A possible procedure which places the burden of doubt on the exploiting parties Although the reality of the situation is that formal annual stock assessments are still performed for a minority of resources, my opinion is that establishing which stocks are seriously depleted or 'at risk' could be done fairly simply in a 2-3 stage process, in which the burden of proof is required from the parties fishing, and would not have to be provided at the expense of WTO or its associated organizations; as suggested by the following. A first listing of stocks that may be 'at risk' could even be done by WWF using the procedures described for analysing data reported to FAO The second stage would be to post a list of these internationally, and ask for further information from parties exploiting these resources; not just on their status, but also a list of vessels by size/fishing power categories which are exploiting these stocks. The third stage would be to find funding to send experts to make an evaluation. Since this process is precautionary however, after posting a list of stocks and coastal states/DWFNs exploiting them, and not receiving a reply from the relevant authorities, this would be reason enough to consider that there is a problem, even if other evidence is unavailable. i.e., for a WTO panel to establish that a fishery is at risk begins with a relatively simple process, which gets more complex and costly if further more refined assessments are needed. The next step however should be at the expense of the country(ies) exploiting the stock - if they do not respond adequately to a first appeal based on broad but imprecise evidence such as a drastic drop in catches and evidence of excessive demand, rising prices and excessive effort, then the stock is indeed at risk. At that point, a rough analysis based on some aspect of species vulnerability (such as biological characteristics stored in FISHBASE and the basic species biology which is usually known), may establish whether the life history is especially vulnerable.
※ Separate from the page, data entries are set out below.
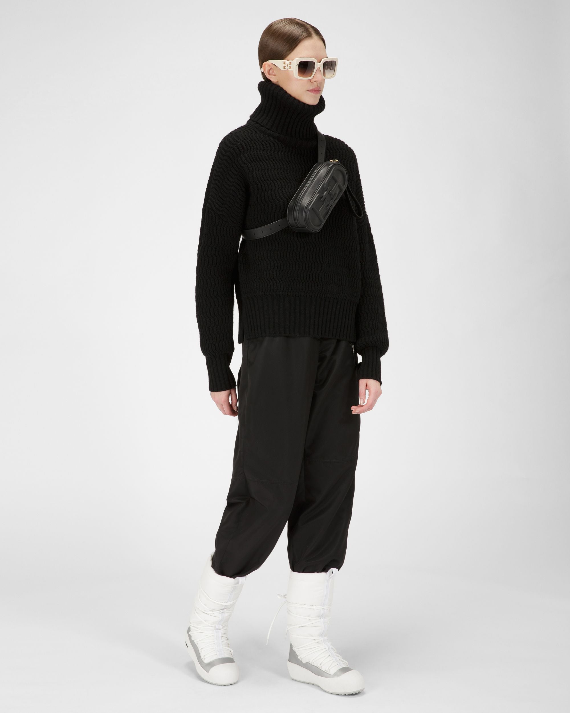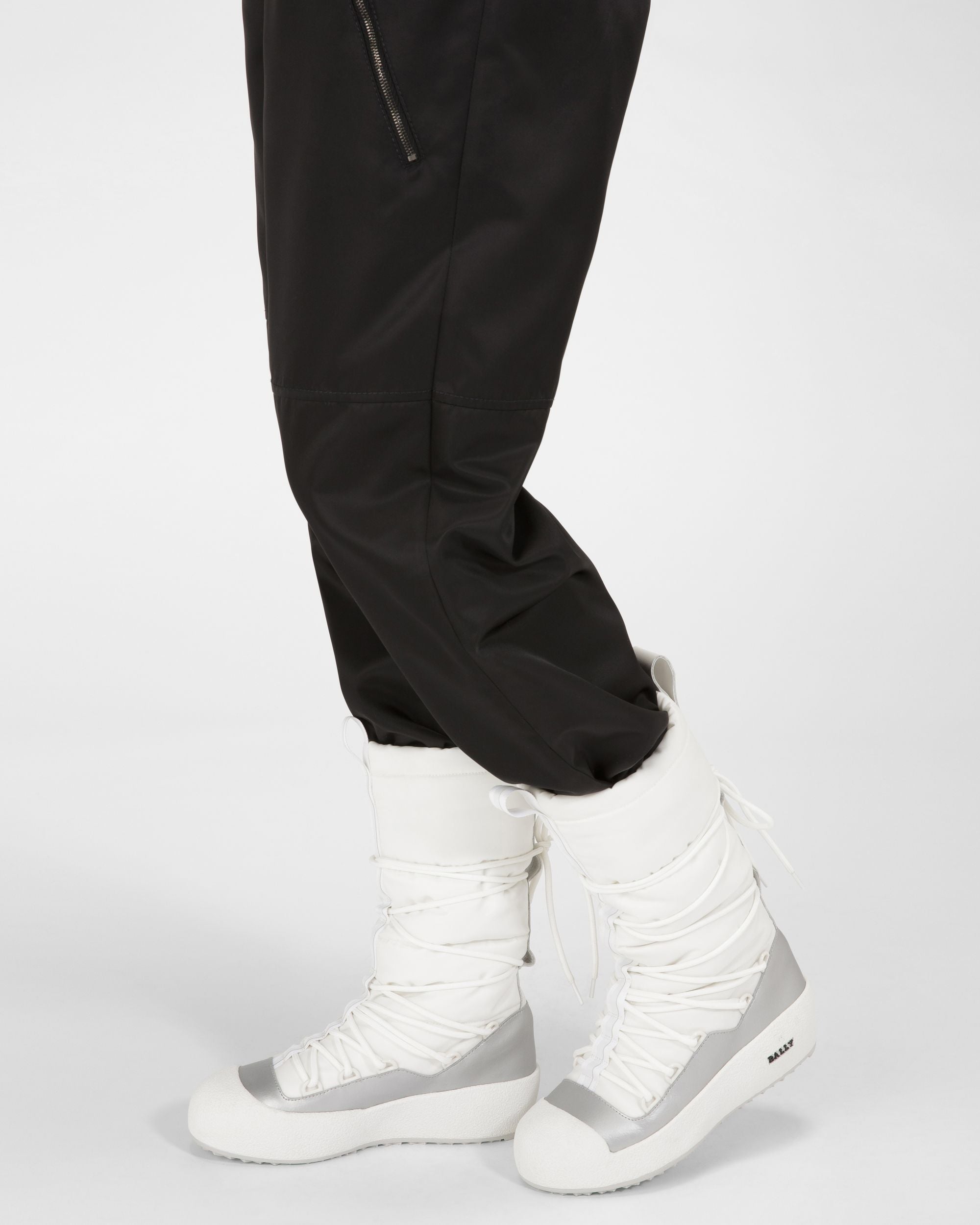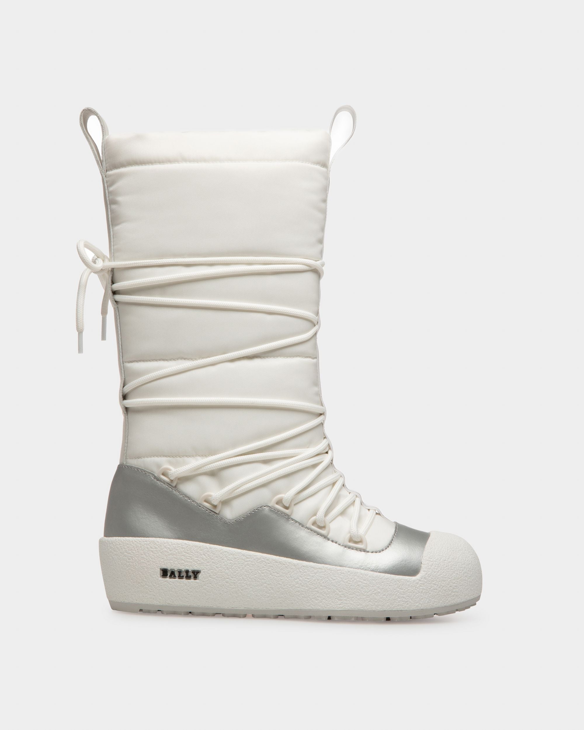 The Bally Curling collection was first introduced in 1950 and continues to build upon years of craftsmanship whilst implementing a contemporary aesthetic and the latest technology. An elegant snow shoe. the Cathye boot is made of recycled nylon in white. with silver rubber-coated leather details and a rubber toecap and sole. The ultimate winter design. it is lined with a shearling fur certified by the Leather Working Group (LWG) as adhering to environmental best practices during its production. The rubber sole features VibramĀ® Arctic Grip technology engineered to provide maximum grip on cold. iced or snowy surfaces.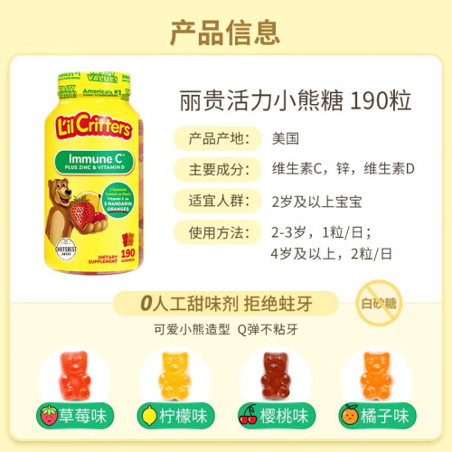 当前的位置: 首页 > 今日值得买 > 丽贵小熊糖儿童复合维生素软糖叶黄素VA+VD+VE复合美国原装进口190粒//瓶 2岁+ 儿童多维190+儿童VC补锌190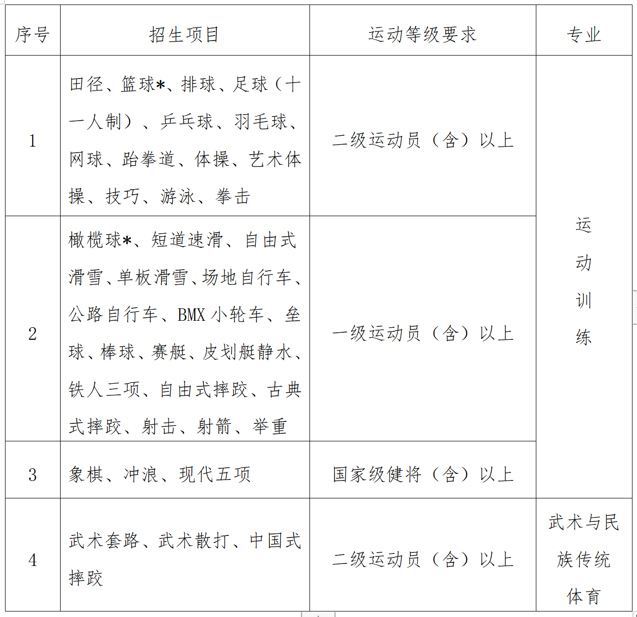 (一)招生项目与运动等级要求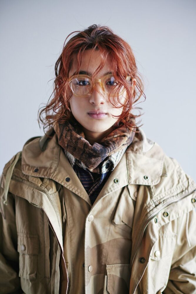ベージュをベースに、チェックと2種類の迷彩をファッションに取り入れたぶん、ゆるふわパーマのボブヘアはハーフアップでタイトに。情報量が多いので、メガネはクリアをチョイス。フレームの存在感はあるものの、クリアだからさりげなく主張できるし、柔らかい印象に。
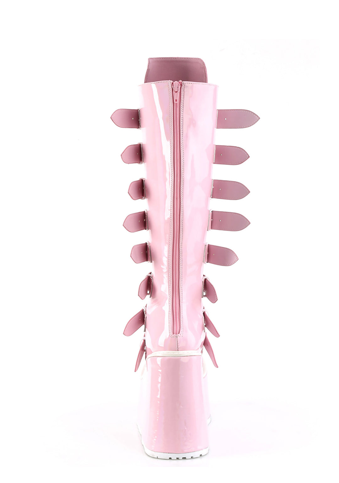 cuz you’re from a different planet. These knee high platform boots have a holographic vegan leather construction, tons of adjustable buckle straps with metal plate details, and back zip closures.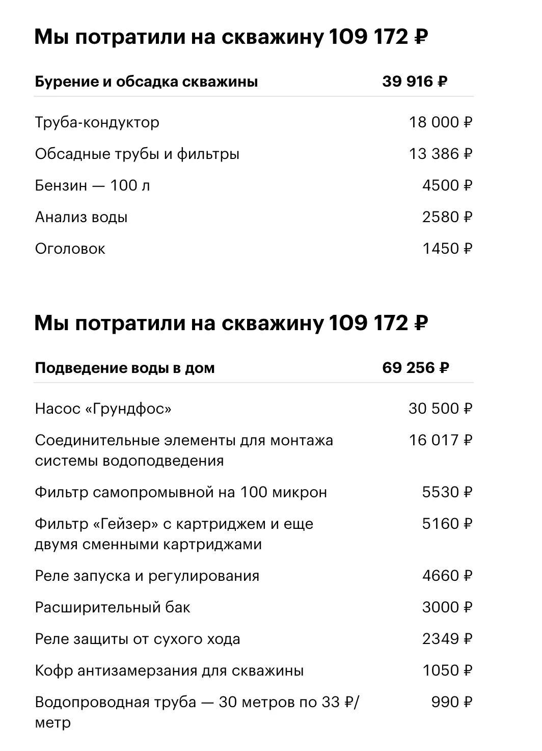 Так, в 2020 году эксперт «Т—Ж» потратил на обустройство скважины 110 тысяч рублей. Скорее всего, сейчас на весь процесс уйдет больше — 200 или 300 тысяч рублей.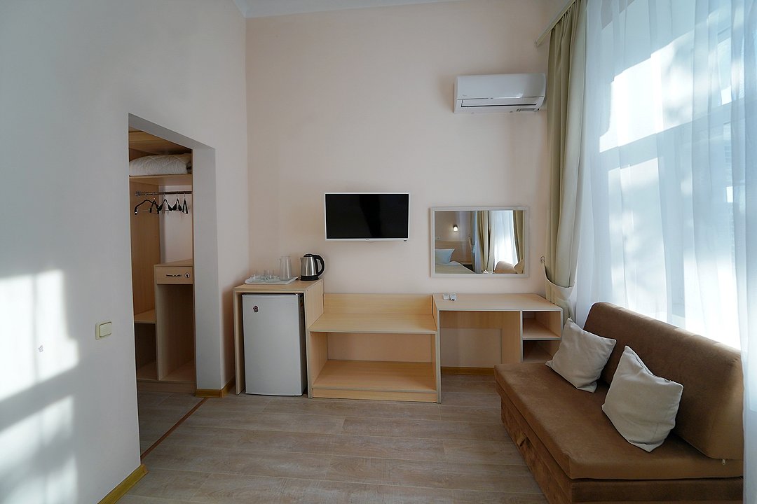 Просторный номер с видом на море. Светлые стены и большие окна создают атмосферу свежести и уюта. Из номера есть выход на балкон, где можно наслаждаться восхитительными закатами и свежим морским воздухом.

The aspect emphasized in the text then, is that both input and output data should be available. For developing countries to satisfy a ‘science-based’ assessment will be difficult, but clearly a questionnaire could establish what they are doing to ensure that: Infrastructure for data gathering and assessment exists; Management, control and surveillance infrastructure and a system of fisheries regulations is in place which bears in mind scientific principles; They collect data on effort/capacity operating on the stock and control the fleet capacity by licensing and vessel replacement criteria; They collect some biological and catch data; Ideally, some closed areas protect critical habitats for demersal species; They attempt some sort of stock assessments – if so for which species; which methods? They discuss joint management with other parties sharing resources? If they certify foreign fleets in their zone (or foreign fleets fish the same stock outside of their zone), have they considered the impact of their catches on their domestic fisheries/food security? If they are able to answer most of these questions positively, (even if they do not assess the resource, but do collect data allowing an outside expert to do this for them), the WTO should be satisfied.